#### TO DO
Quote all of the data exactly as given. Skip every picture it contains.
==== RECORDS SHOWN ====
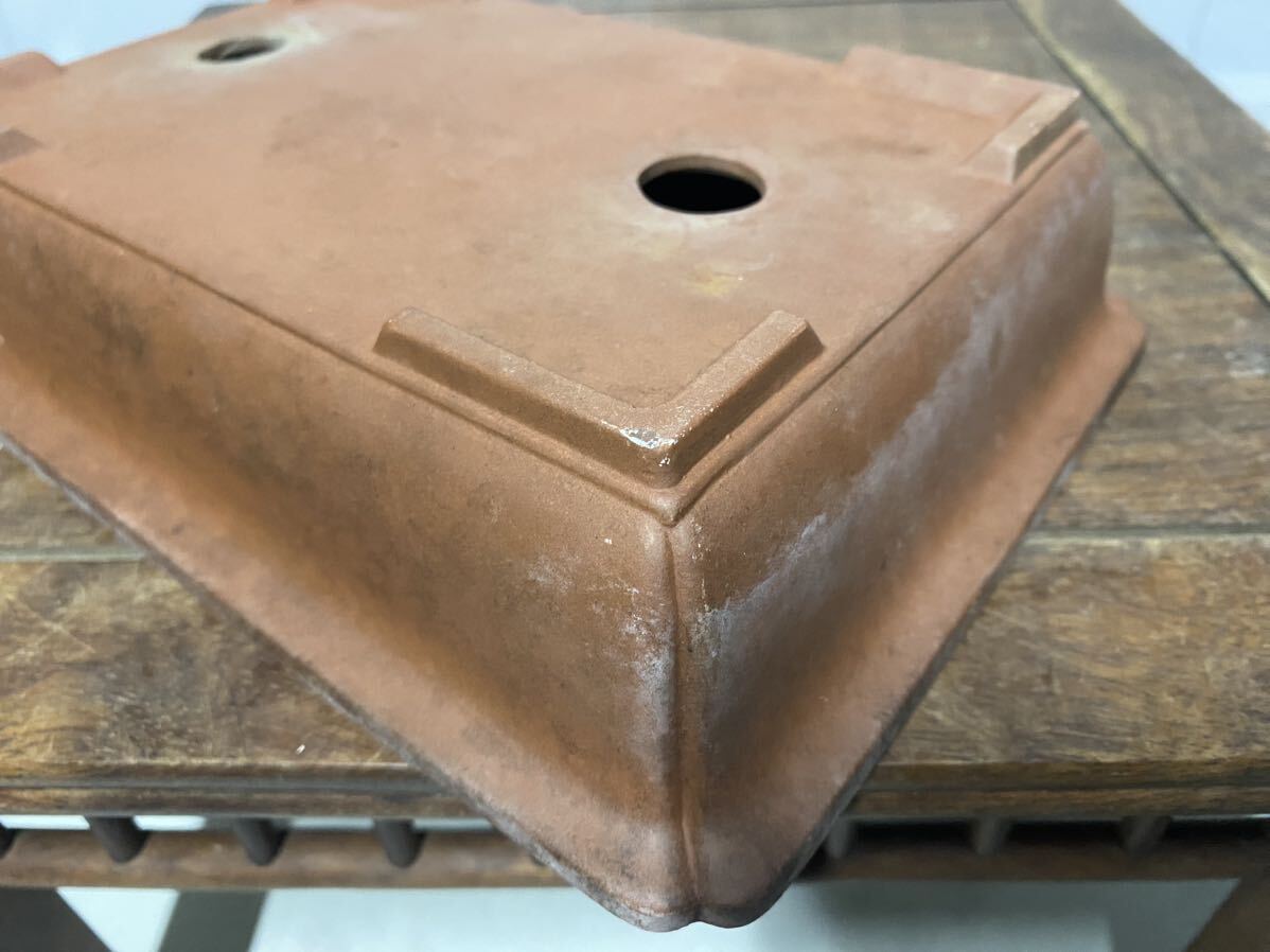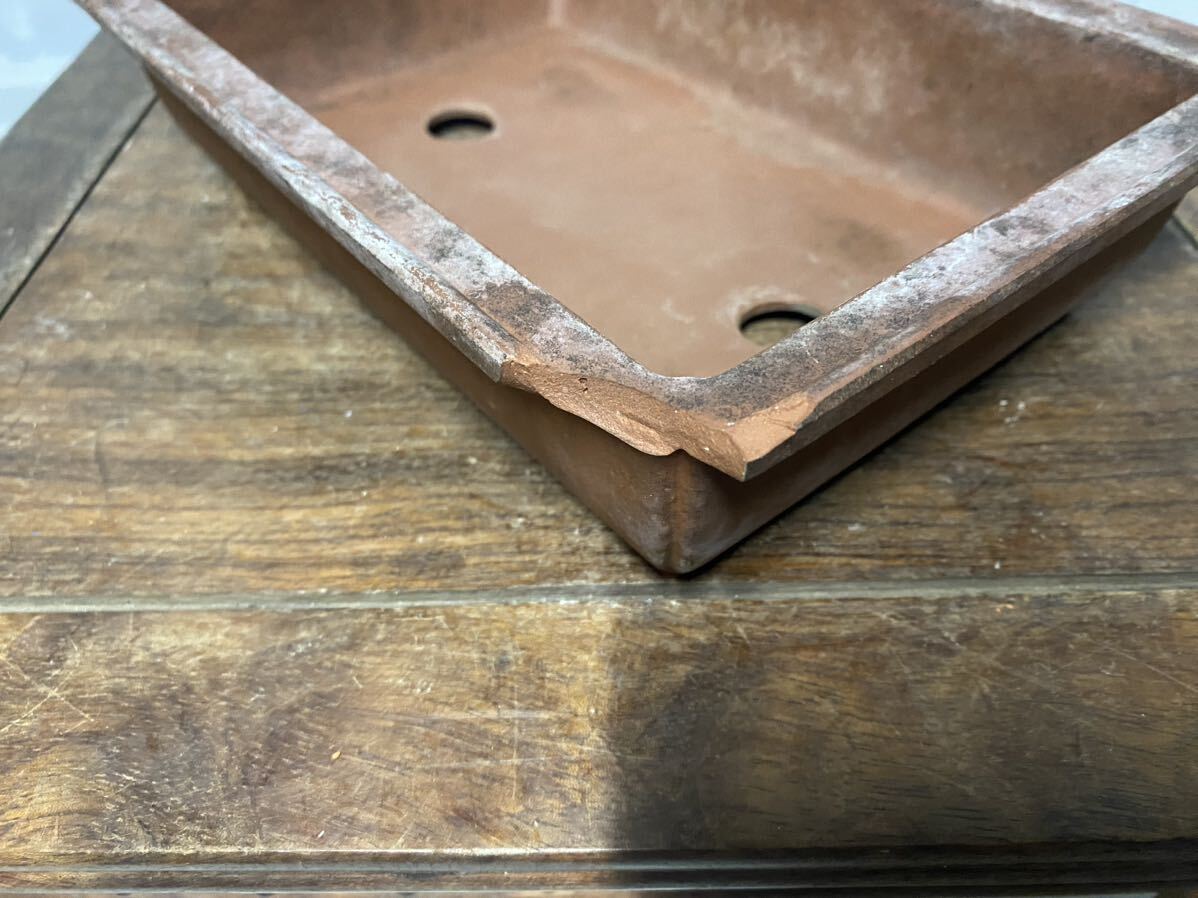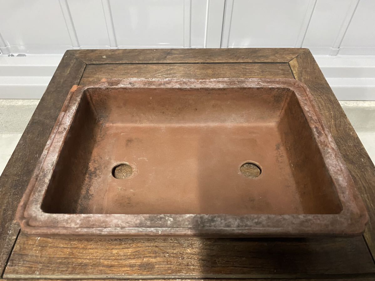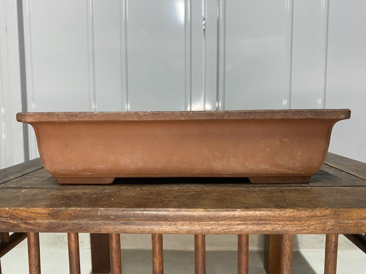 長方で朱泥の小品盆栽鉢です。
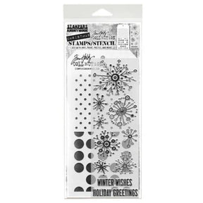 Tim Holtz Mixed-Media Stamps & Stencil Set: Retro Flakes. Tim Holtz Mixed Media Set includes clear photopolymer stamps & a custom layering stencil designed to add texture & imagery to your creativity. Use with your favorite inks, paints, sprays, and embossing pastes. Clear Stamp images based on the Retro Flakes Cling Stamps CMS417. The stencils are inspired by Spots THS180 and Polkadot THS068. Package contains clear stamps and a combo stencil.
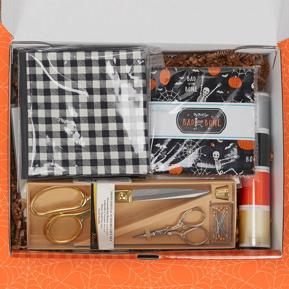 The Baby Lock & Riley Blake Halloween Décor Project Kit is a fun little project with almost everything you need to make a small quilt. This set includes the Going a Little Batty Pattern, a four-spool Maderia thread kit, fabric from the Bad to the Bone Collection, and a Klasse scissors set. The decor kit is ideal for beginner to advanced sewists.
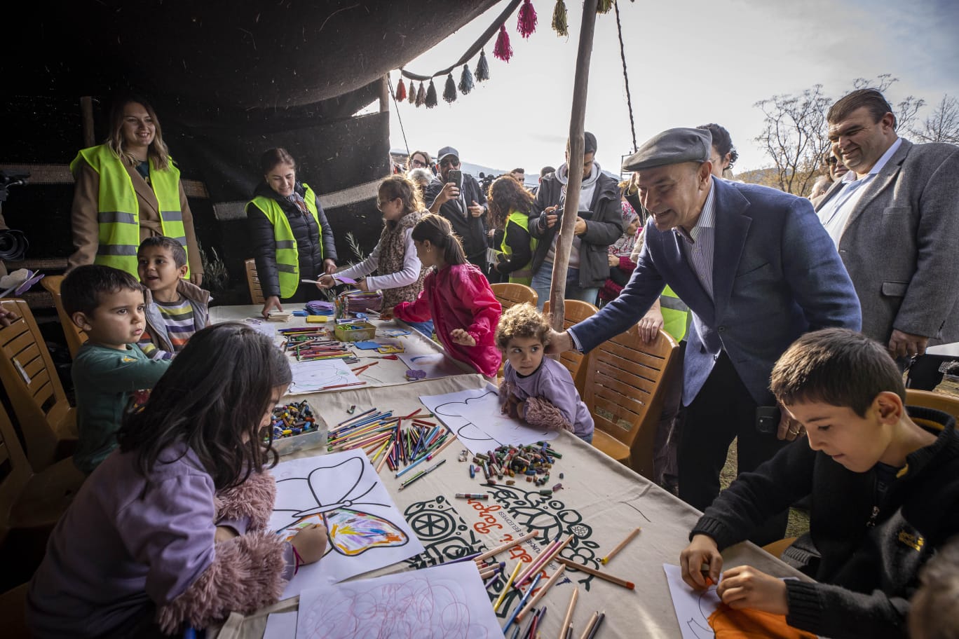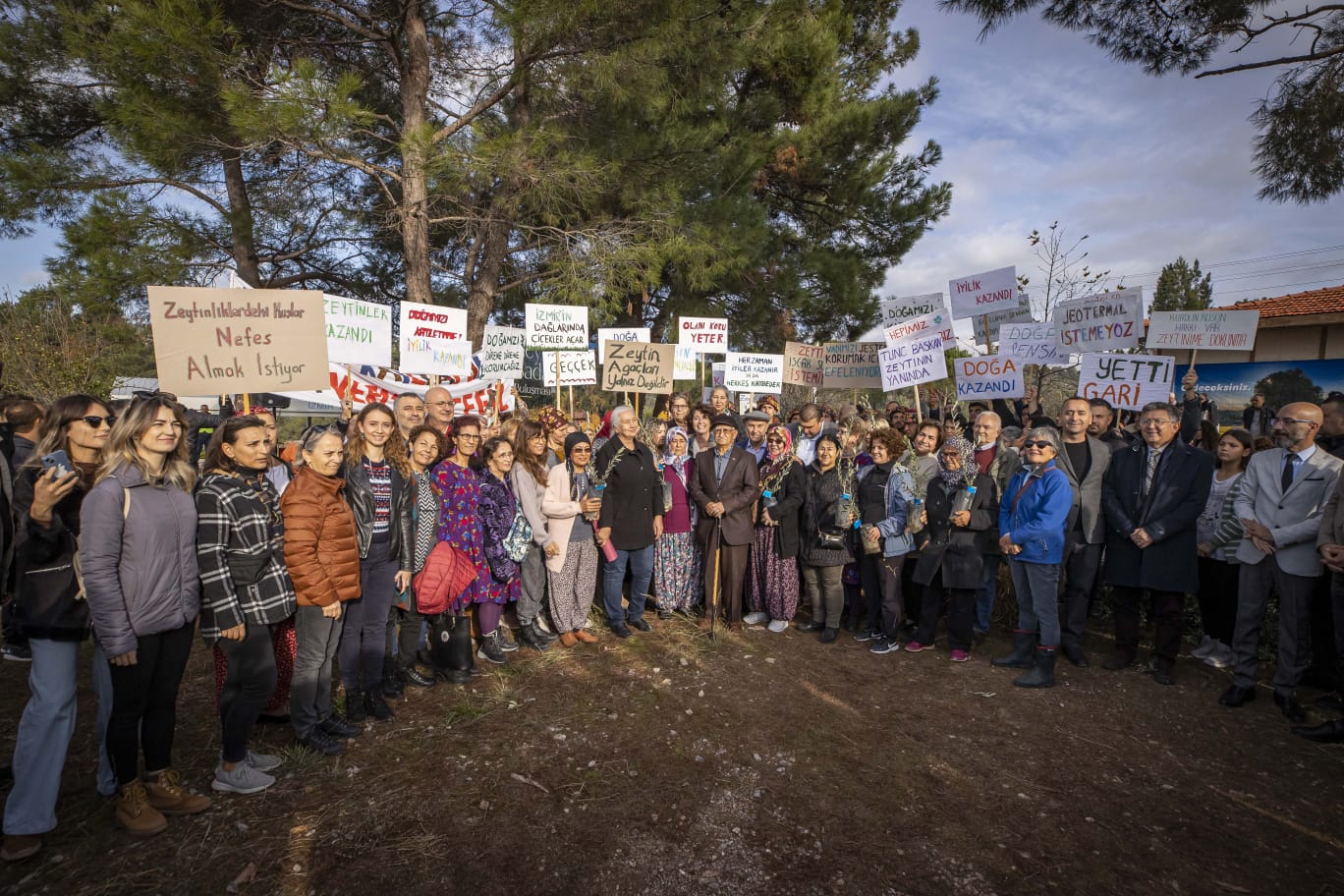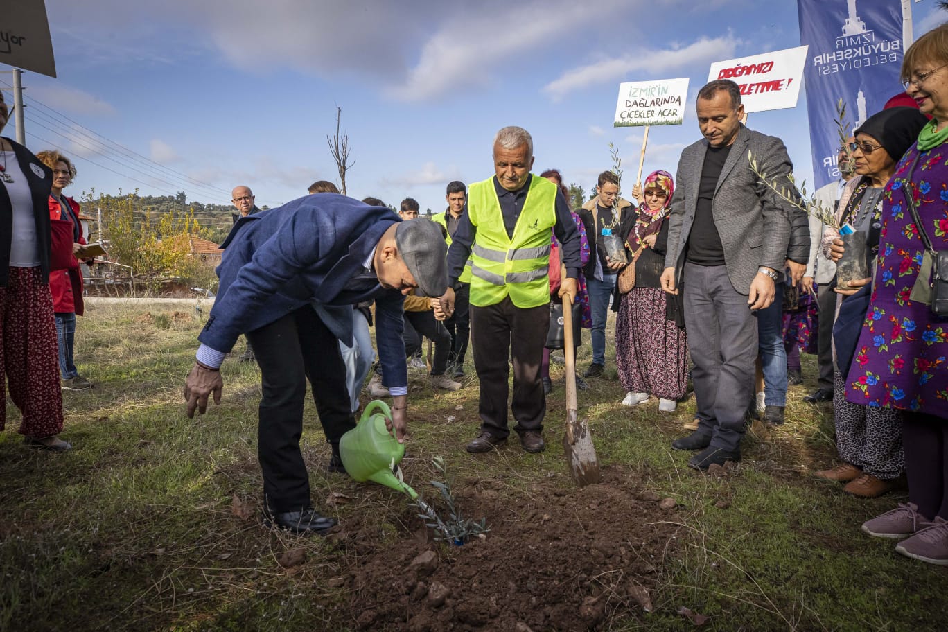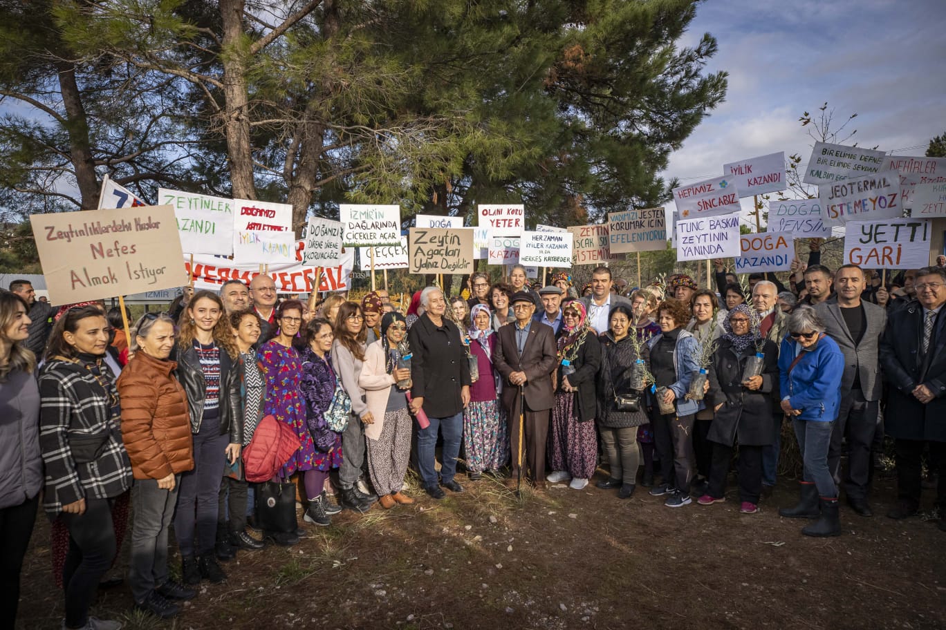 Başkan Tunç Soyer’i alanda “Yetti gari”, “Zeytin Ağaçları Yalnız Değildir”, “Tarım Alanlarımızın Yok Olmasına İzin Vermeyeceğiz”, “Zeytinliklerdeki Kuşlar Nefes Almak İstiyor” yazılı dövizler karşıladı. Törende konuşan Başkan Soyer, “Zeytin fidanı dağıtımına başlarken amacımız aslında meclise intikal eden ‘Zeytinliklerin Madene Açılması’yla ilgili yasa tasarısının iptalini dillendirmek, onunla mücadele etmekti. Çok şükür geri adım attılar yine vazgeçtiler. Bunun heyecanını yine beraber paylaşalım. Onlar defalarca deniyorlar. ‘Acaba direnç görmezsek bu defa başarır mıyız?’, ‘Direnç görmezsek zeytinlikler madene açılır mı?’ diye uğraşıp duruyorlar. Biz buna izin vermeyeceğiz” dedi.
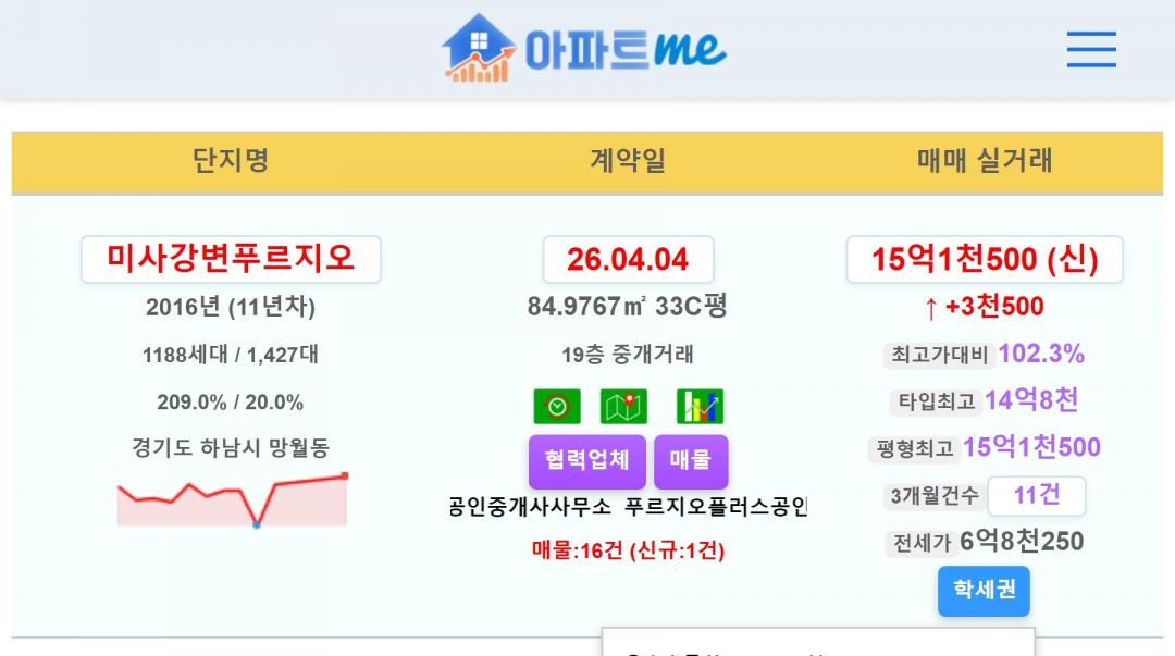 미사강변푸르지오 33평 15.15억 신고가~!!
====
#### TASK RESPONSE
 長方で朱泥の小品盆栽鉢です。
 Tim Holtz Mixed-Media Stamps & Stencil Set: Retro Flakes. Tim Holtz Mixed Media Set includes clear photopolymer stamps & a custom layering stencil designed to add texture & imagery to your creativity. Use with your favorite inks, paints, sprays, and embossing pastes. Clear Stamp images based on the Retro Flakes Cling Stamps CMS417. The stencils are inspired by Spots THS180 and Polkadot THS068. Package contains clear stamps and a combo stencil.
 The Baby Lock & Riley Blake Halloween Décor Project Kit is a fun little project with almost everything you need to make a small quilt. This set includes the Going a Little Batty Pattern, a four-spool Maderia thread kit, fabric from the Bad to the Bone Collection, and a Klasse scissors set. The decor kit is ideal for beginner to advanced sewists.
 Başkan Tunç Soyer’i alanda “Yetti gari”, “Zeytin Ağaçları Yalnız Değildir”, “Tarım Alanlarımızın Yok Olmasına İzin Vermeyeceğiz”, “Zeytinliklerdeki Kuşlar Nefes Almak İstiyor” yazılı dövizler karşıladı. Törende konuşan Başkan Soyer, “Zeytin fidanı dağıtımına başlarken amacımız aslında meclise intikal eden ‘Zeytinliklerin Madene Açılması’yla ilgili yasa tasarısının iptalini dillendirmek, onunla mücadele etmekti. Çok şükür geri adım attılar yine vazgeçtiler. Bunun heyecanını yine beraber paylaşalım. Onlar defalarca deniyorlar. ‘Acaba direnç görmezsek bu defa başarır mıyız?’, ‘Direnç görmezsek zeytinlikler madene açılır mı?’ diye uğraşıp duruyorlar. Biz buna izin vermeyeceğiz” dedi.
 미사강변푸르지오 33평 15.15억 신고가~!!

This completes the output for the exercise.